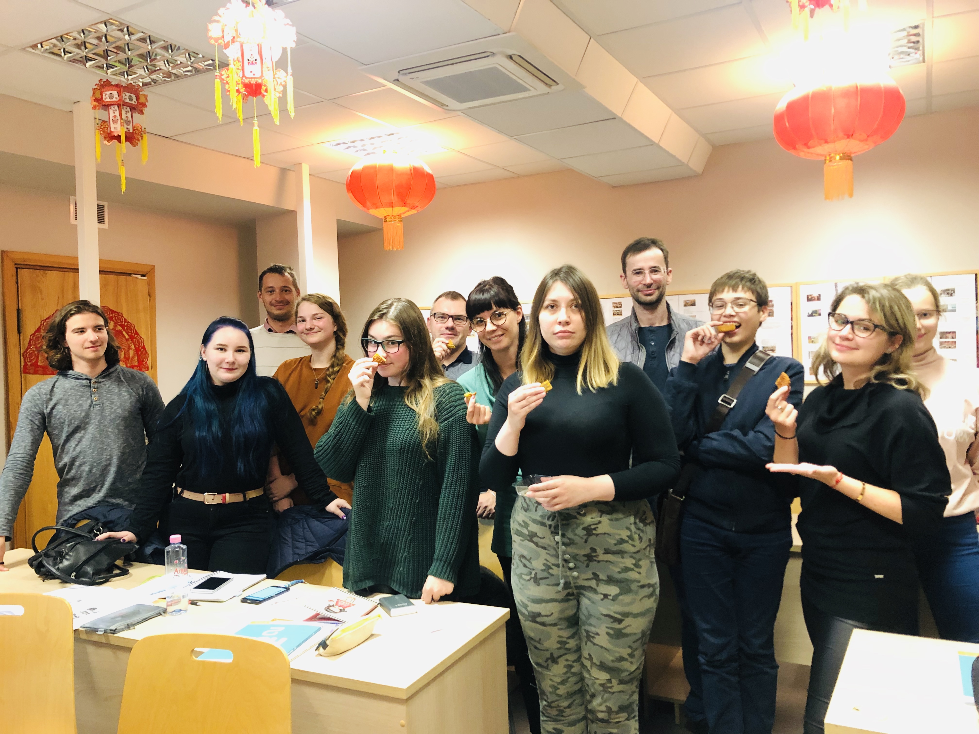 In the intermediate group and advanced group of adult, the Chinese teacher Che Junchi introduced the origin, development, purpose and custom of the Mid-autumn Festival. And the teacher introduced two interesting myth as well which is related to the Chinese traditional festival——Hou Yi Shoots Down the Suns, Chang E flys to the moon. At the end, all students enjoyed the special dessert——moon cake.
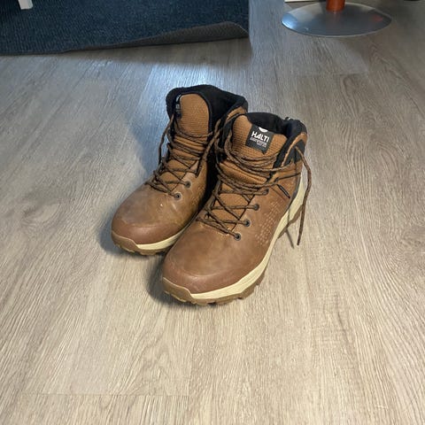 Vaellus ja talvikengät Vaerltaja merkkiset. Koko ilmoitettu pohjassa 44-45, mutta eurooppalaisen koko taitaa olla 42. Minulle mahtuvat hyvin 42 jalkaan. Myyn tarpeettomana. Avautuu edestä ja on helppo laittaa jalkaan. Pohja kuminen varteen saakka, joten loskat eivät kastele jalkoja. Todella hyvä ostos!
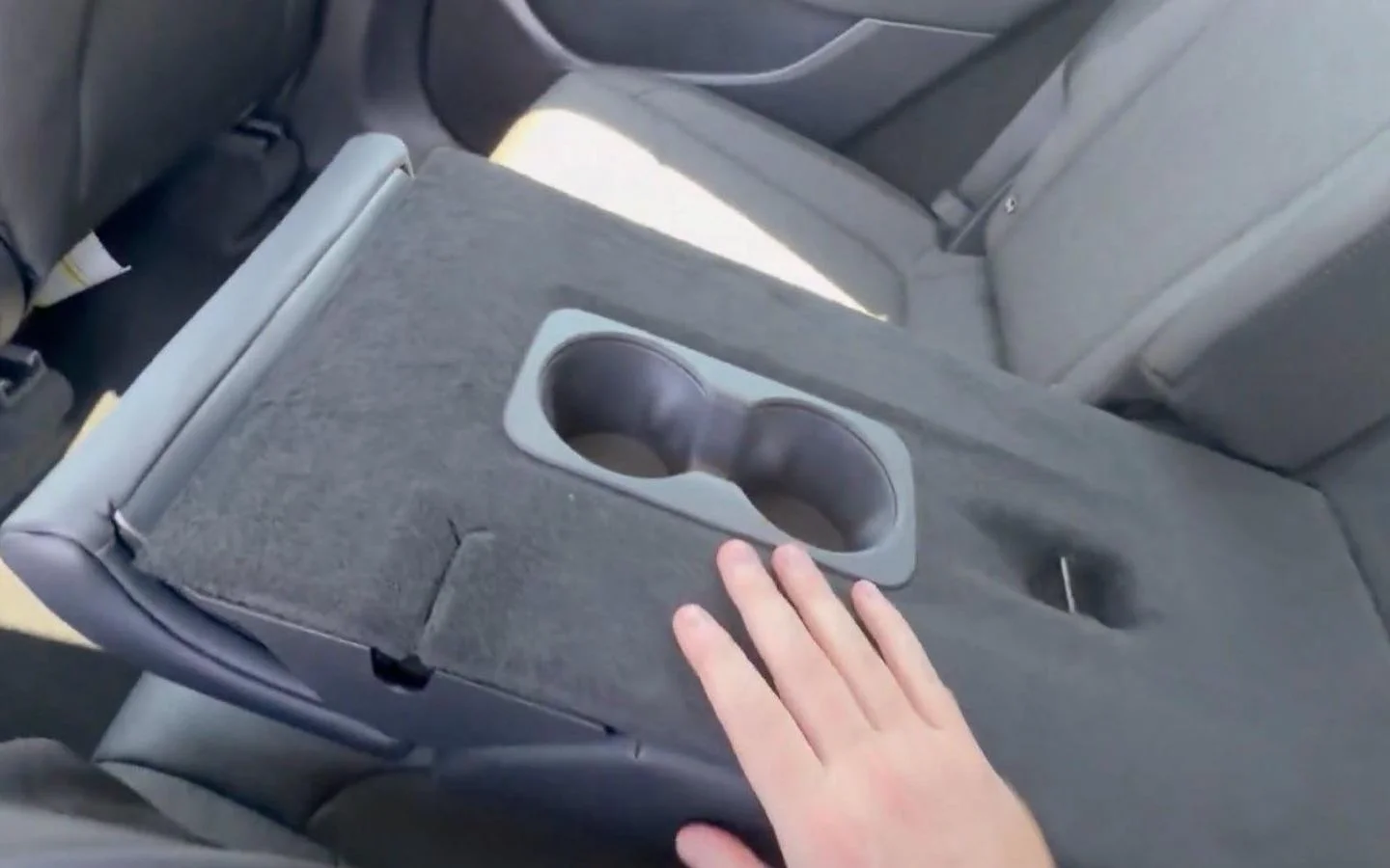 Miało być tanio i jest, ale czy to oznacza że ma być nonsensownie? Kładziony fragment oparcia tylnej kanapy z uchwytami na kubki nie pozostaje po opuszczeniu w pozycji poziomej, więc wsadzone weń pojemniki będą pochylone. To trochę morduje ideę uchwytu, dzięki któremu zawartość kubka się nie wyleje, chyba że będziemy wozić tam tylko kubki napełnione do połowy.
========
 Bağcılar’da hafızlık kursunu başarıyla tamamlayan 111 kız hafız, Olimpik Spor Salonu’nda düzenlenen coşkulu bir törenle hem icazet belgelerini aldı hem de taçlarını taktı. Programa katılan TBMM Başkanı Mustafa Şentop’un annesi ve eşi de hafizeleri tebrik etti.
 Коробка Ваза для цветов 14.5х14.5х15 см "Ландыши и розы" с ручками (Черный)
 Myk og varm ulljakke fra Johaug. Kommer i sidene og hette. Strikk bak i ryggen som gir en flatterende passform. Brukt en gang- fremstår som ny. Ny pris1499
========
> _To do_: Word for word, retype the lines in the entries above that run from the one with "In the intermediate" through the one with "Miało być tanio". Both ends count; pictures do not.

> _Result of the task_:
 In the intermediate group and advanced group of adult, the Chinese teacher Che Junchi introduced the origin, development, purpose and custom of the Mid-autumn Festival. And the teacher introduced two interesting myth as well which is related to the Chinese traditional festival——Hou Yi Shoots Down the Suns, Chang E flys to the moon. At the end, all students enjoyed the special dessert——moon cake.
 Vaellus ja talvikengät Vaerltaja merkkiset. Koko ilmoitettu pohjassa 44-45, mutta eurooppalaisen koko taitaa olla 42. Minulle mahtuvat hyvin 42 jalkaan. Myyn tarpeettomana. Avautuu edestä ja on helppo laittaa jalkaan. Pohja kuminen varteen saakka, joten loskat eivät kastele jalkoja. Todella hyvä ostos!
 Miało być tanio i jest, ale czy to oznacza że ma być nonsensownie? Kładziony fragment oparcia tylnej kanapy z uchwytami na kubki nie pozostaje po opuszczeniu w pozycji poziomej, więc wsadzone weń pojemniki będą pochylone. To trochę morduje ideę uchwytu, dzięki któremu zawartość kubka się nie wyleje, chyba że będziemy wozić tam tylko kubki napełnione do połowy.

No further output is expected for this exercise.